### Problem description
Could you output each record below exactly as it stands and leave the pictures out?
[Opening Records supplied section]
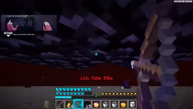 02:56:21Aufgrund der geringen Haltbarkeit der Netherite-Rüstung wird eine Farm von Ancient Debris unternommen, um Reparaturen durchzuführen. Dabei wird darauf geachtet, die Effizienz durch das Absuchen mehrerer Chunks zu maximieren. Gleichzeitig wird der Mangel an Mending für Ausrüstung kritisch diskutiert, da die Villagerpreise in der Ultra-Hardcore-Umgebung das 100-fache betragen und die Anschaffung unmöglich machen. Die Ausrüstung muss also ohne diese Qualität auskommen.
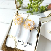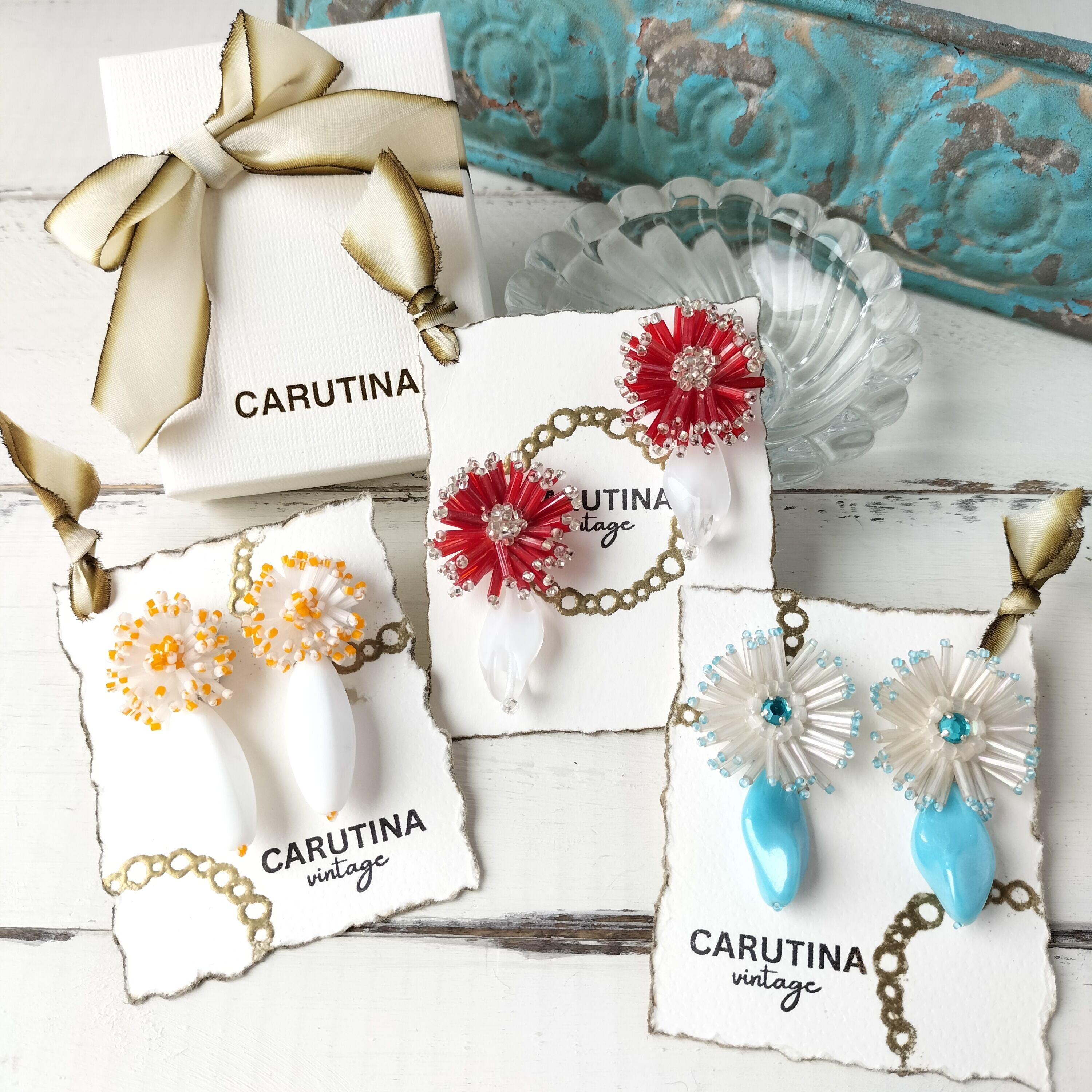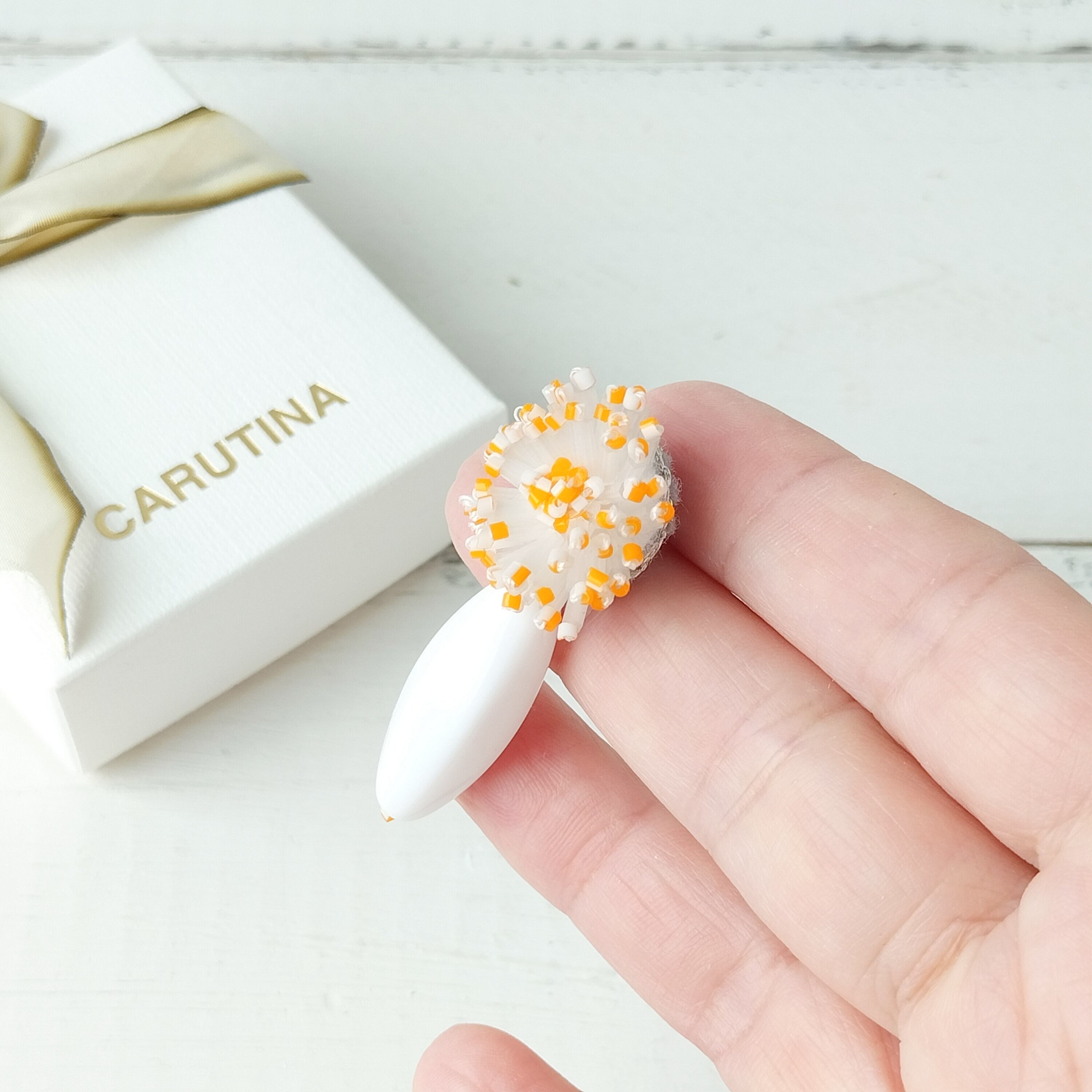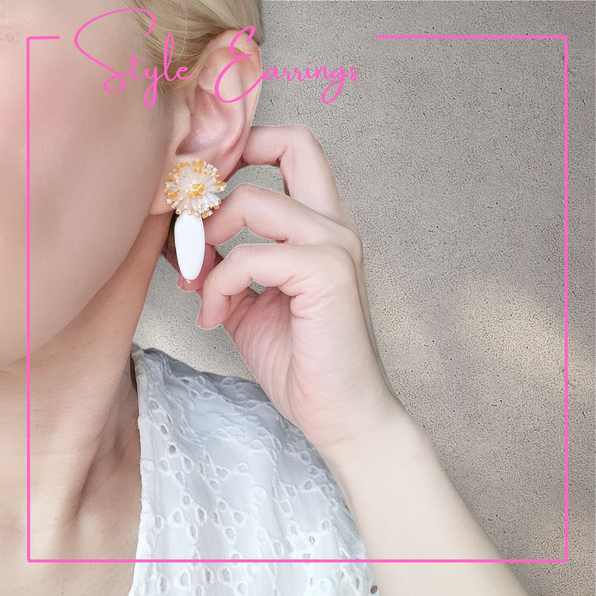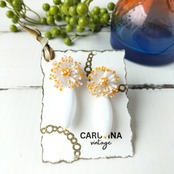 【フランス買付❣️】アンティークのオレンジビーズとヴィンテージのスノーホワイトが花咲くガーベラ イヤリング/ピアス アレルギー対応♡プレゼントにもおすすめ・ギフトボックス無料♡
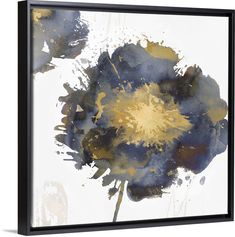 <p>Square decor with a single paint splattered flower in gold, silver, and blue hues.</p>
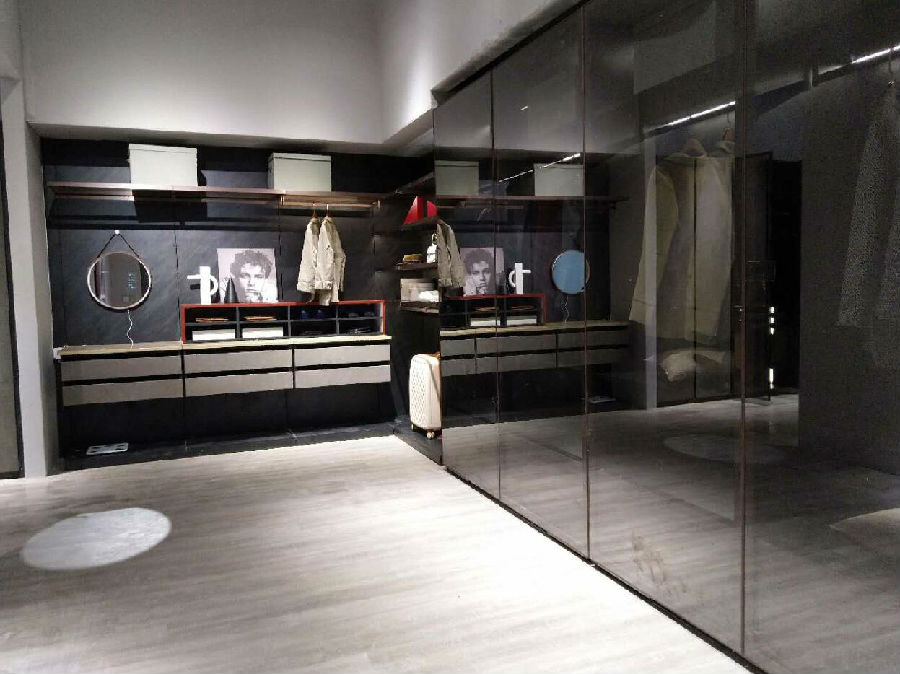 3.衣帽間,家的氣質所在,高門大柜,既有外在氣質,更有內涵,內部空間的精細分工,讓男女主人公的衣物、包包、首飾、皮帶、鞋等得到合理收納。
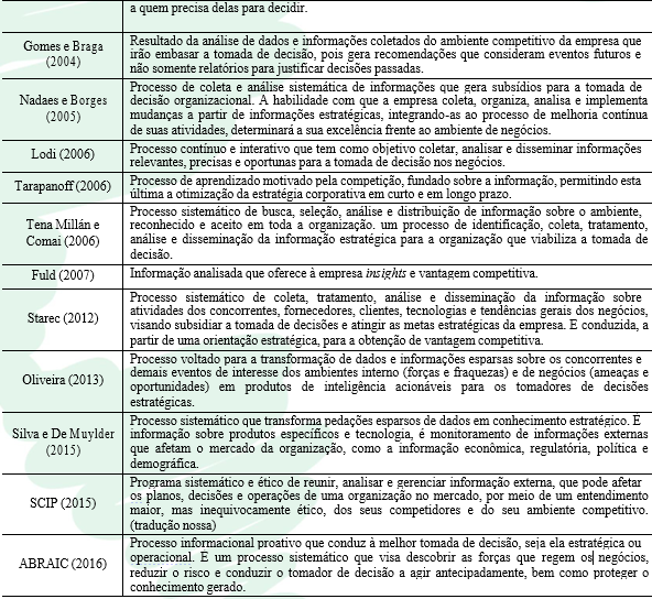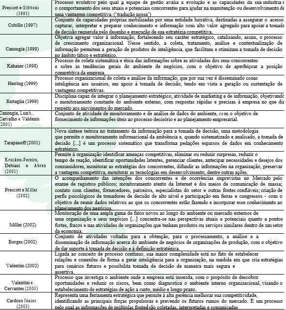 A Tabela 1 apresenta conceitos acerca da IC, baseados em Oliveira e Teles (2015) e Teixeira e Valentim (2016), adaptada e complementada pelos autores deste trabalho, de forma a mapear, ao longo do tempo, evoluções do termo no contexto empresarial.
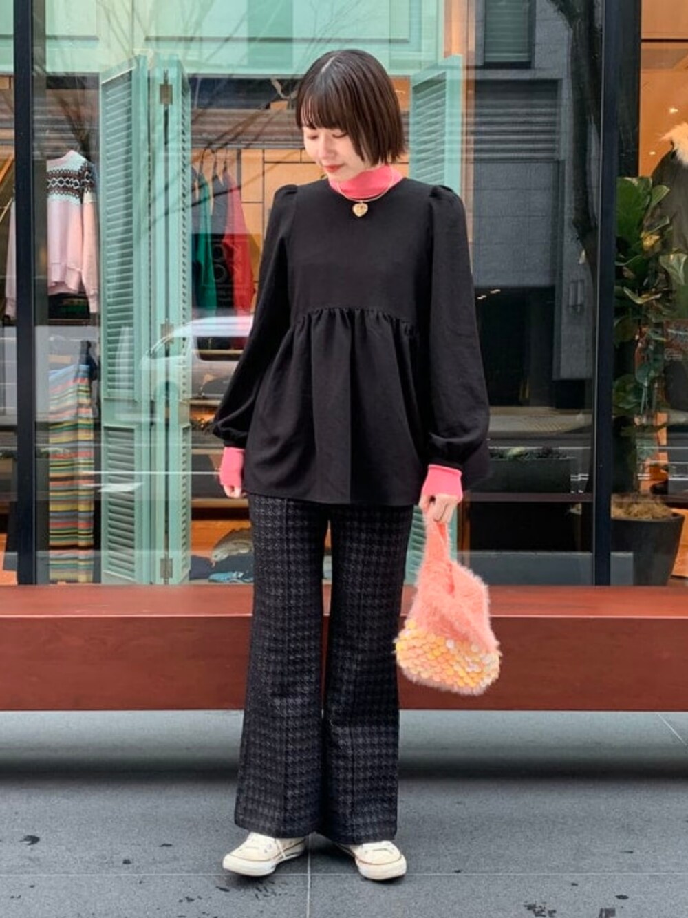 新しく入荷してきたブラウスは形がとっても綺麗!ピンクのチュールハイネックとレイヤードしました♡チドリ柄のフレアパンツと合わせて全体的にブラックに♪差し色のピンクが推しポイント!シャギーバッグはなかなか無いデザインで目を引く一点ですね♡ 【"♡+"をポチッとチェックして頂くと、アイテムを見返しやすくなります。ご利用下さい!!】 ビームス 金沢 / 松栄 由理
[Closing Records supplied section]
### Written response
 02:56:21Aufgrund der geringen Haltbarkeit der Netherite-Rüstung wird eine Farm von Ancient Debris unternommen, um Reparaturen durchzuführen. Dabei wird darauf geachtet, die Effizienz durch das Absuchen mehrerer Chunks zu maximieren. Gleichzeitig wird der Mangel an Mending für Ausrüstung kritisch diskutiert, da die Villagerpreise in der Ultra-Hardcore-Umgebung das 100-fache betragen und die Anschaffung unmöglich machen. Die Ausrüstung muss also ohne diese Qualität auskommen.
 【フランス買付❣️】アンティークのオレンジビーズとヴィンテージのスノーホワイトが花咲くガーベラ イヤリング/ピアス アレルギー対応♡プレゼントにもおすすめ・ギフトボックス無料♡
 <p>Square decor with a single paint splattered flower in gold, silver, and blue hues.</p>
 3.衣帽間,家的氣質所在,高門大柜,既有外在氣質,更有內涵,內部空間的精細分工,讓男女主人公的衣物、包包、首飾、皮帶、鞋等得到合理收納。
 A Tabela 1 apresenta conceitos acerca da IC, baseados em Oliveira e Teles (2015) e Teixeira e Valentim (2016), adaptada e complementada pelos autores deste trabalho, de forma a mapear, ao longo do tempo, evoluções do termo no contexto empresarial.
 新しく入荷してきたブラウスは形がとっても綺麗!ピンクのチュールハイネックとレイヤードしました♡チドリ柄のフレアパンツと合わせて全体的にブラックに♪差し色のピンクが推しポイント!シャギーバッグはなかなか無いデザインで目を引く一点ですね♡ 【"♡+"をポチッとチェックして頂くと、アイテムを見返しやすくなります。ご利用下さい!!】 ビームス 金沢 / 松栄 由理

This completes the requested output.